It is possible to observe that the band reduction (OD) is not comparable to the brightness reduction (MGV) observed during the six steps of the process by microscopy technique, thus confirming that the cross-reactivity reduction of the gluten proteins against 0610 antibody is due to a conformational change of the proteins and/or by epitope coverage, which is caused by a strong aggregation between the proteins during the process steps (as shown in Figure 4), generated by ionic bonds connecting opposite charge groups occurring after the change of tertiary structure following vitreous transiction and not by covalent bonds (see Figures 5 and 21).

4) by slow cooling, which allows the new protein structure to remain crystallized in this new state.

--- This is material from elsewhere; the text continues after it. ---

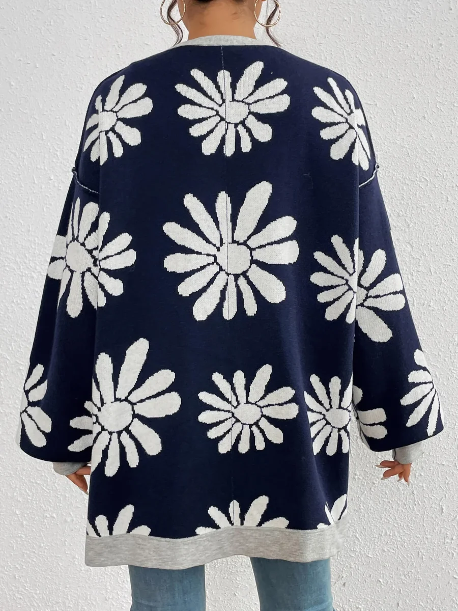 Graphic Flower Cardigan | Oversize with Contrasting Floral Pattern
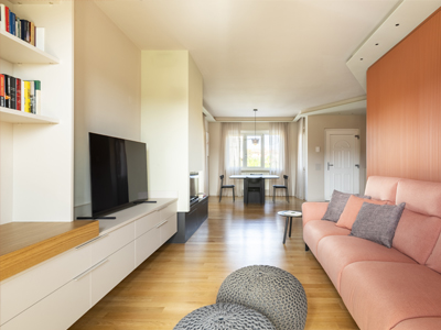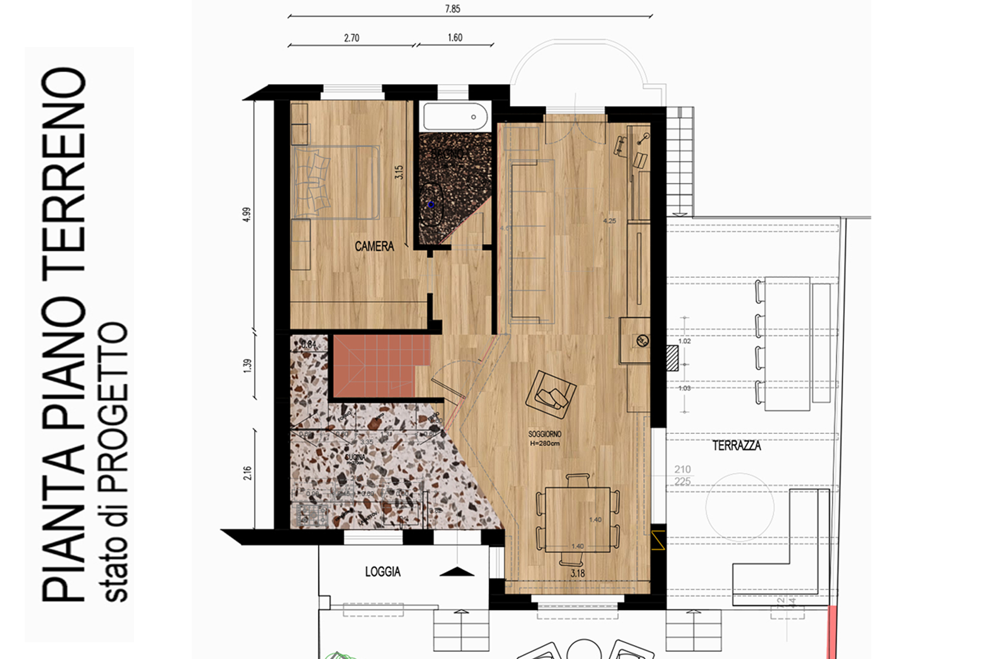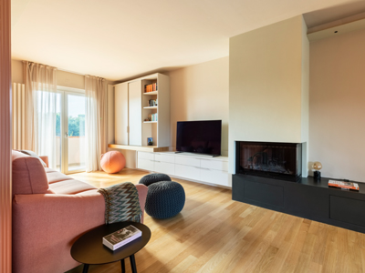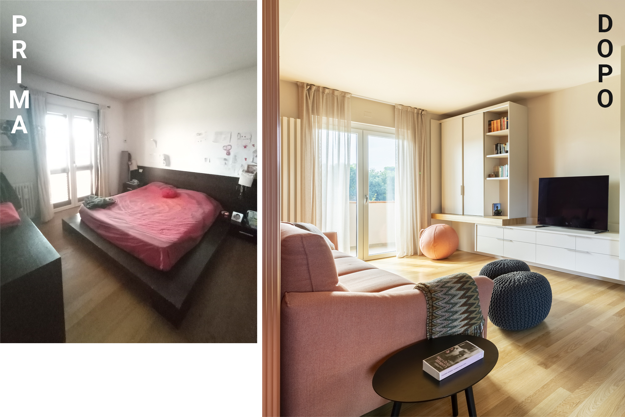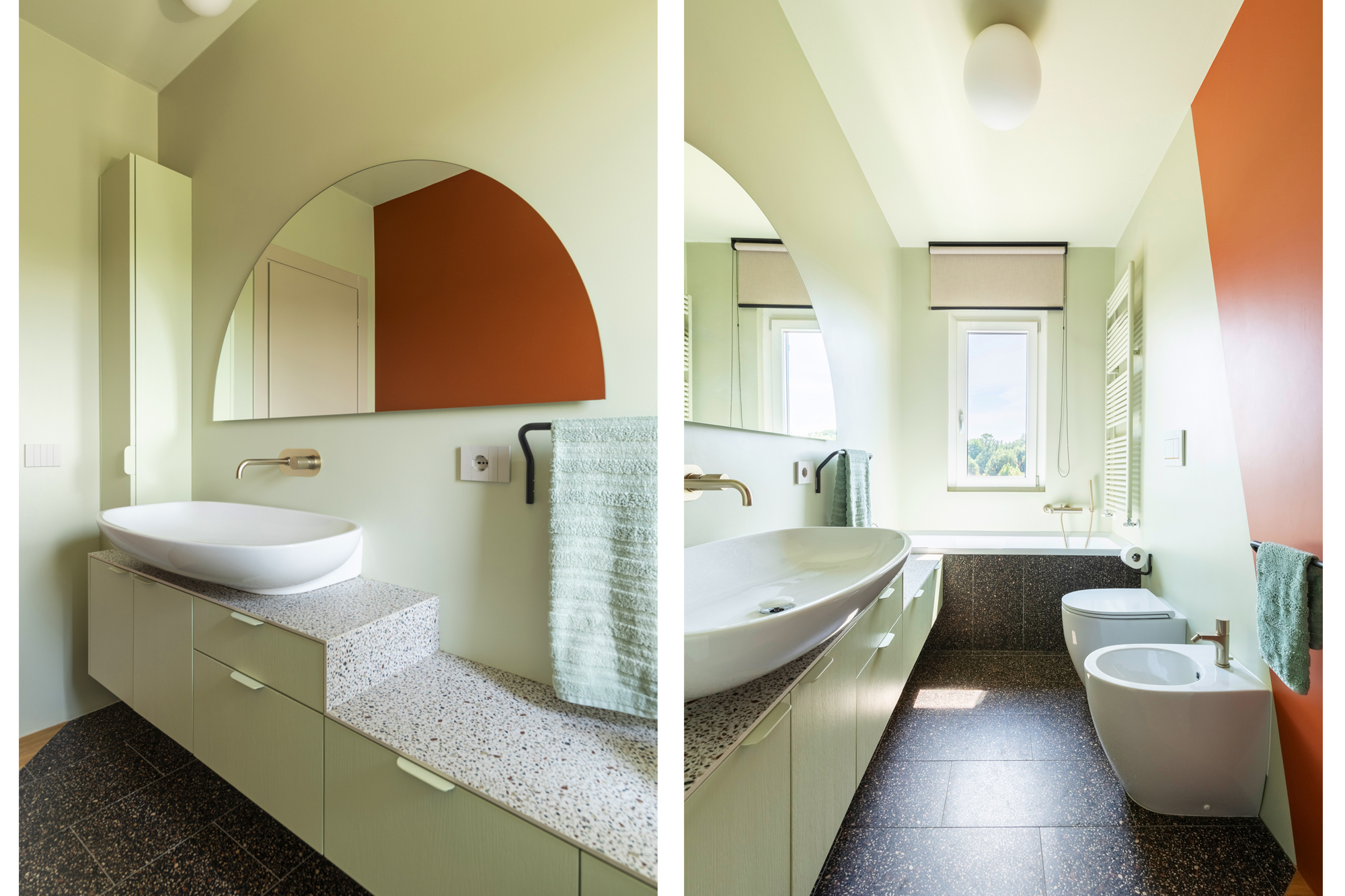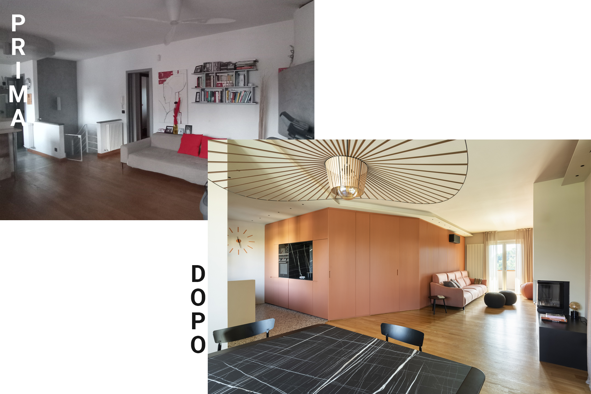 Su misura sono realizzati praticamente tutti gli arredi (cucina, tavolo indoor e outdoor, parete tv, armadio camera, mobili bagno) ed i rivestimenti in legno (boiserie living) dell’abitazione visto che il mio Committente è uno dei due titolari di una falegnameria (CB Interni) specializzata in arredamento d’interni. La planimetria di progetto è caratterizzata da alcune direttrici diagonali (da cui il nome del lavoro per assonanza con “diagonali”) che scandiscono gli spazi e disegnano volumi che prima non c’erano. Le stesse diagonali sono state disegnate a pavimento per separare in modo non solo decorativo ma soprattutto funzionale: le zone con parquet in rovere naturale esistente (che è stato rilamato e riverniciato all’acqua) che è un’essenza piuttosto sensibile all’umidità è stato sostituito dal gres in cucina, ingresso e bagno. Le linee diagonali a pavimento ritornano in parete e anche a soffitto (vedi cartongesso nel living). Nel bagno sono state lasciate le medesime posizioni dei sanitari che c’erano prima dei lavori ma il resto è stato rinnovato completamente a partire dai rivestimenti. Si è usato lo stesso taglio diagonale che si è usato in cucina per separare il grès dal legno, rigorosamente SENZA PROFILI!

The present invention also relates to detoxified grains, flour or semolina or gluten obtainable with the method according to the invention. The flour or the semolina can be wheat, rye, barley or oat and they are obtainable after the milling of the additional step i). Gluten can be wheat, rye, barley or oat, obtainable after extraction with solvent from the flours and/or from the semolina of the additional step 1).

The term "detoxified" in the context of the present invention when referred to flours or semolina, means a level of toxic gluten epitopes reduced to a range between 0 and 20 ppm. This makes it possible to consider these flours or semolina to be "gluten free" for all purposes of the law, although gluten is still present within them.

The invention relates to a food product comprising wheat flour, wheat semolina, barley or oat, selected between bread, pasta, bakery products, breakfast cereals and beer.

Alternatively, the invention relates to dairy products (i.e. yoghurt, ice cream, fermented milk, cheese, mozzarella, butter, cream, ricotta) to which can be added the detoxified gluten obtained according to step 1) of the method of the invention.

In particular, the detoxified gluten obtained according to step 1) of the method of the invention can advantageously be used as a thickening agent for the preparation of food products, not only dairy, but also in other categories of products such as cold cuts, ice cream, baby foods, sauce and juice. Therefore, such food products are also included in the scope of protection of the present invention inasmuch as they are intended for those populations of individuals for whom a gluten free or low lactose diet.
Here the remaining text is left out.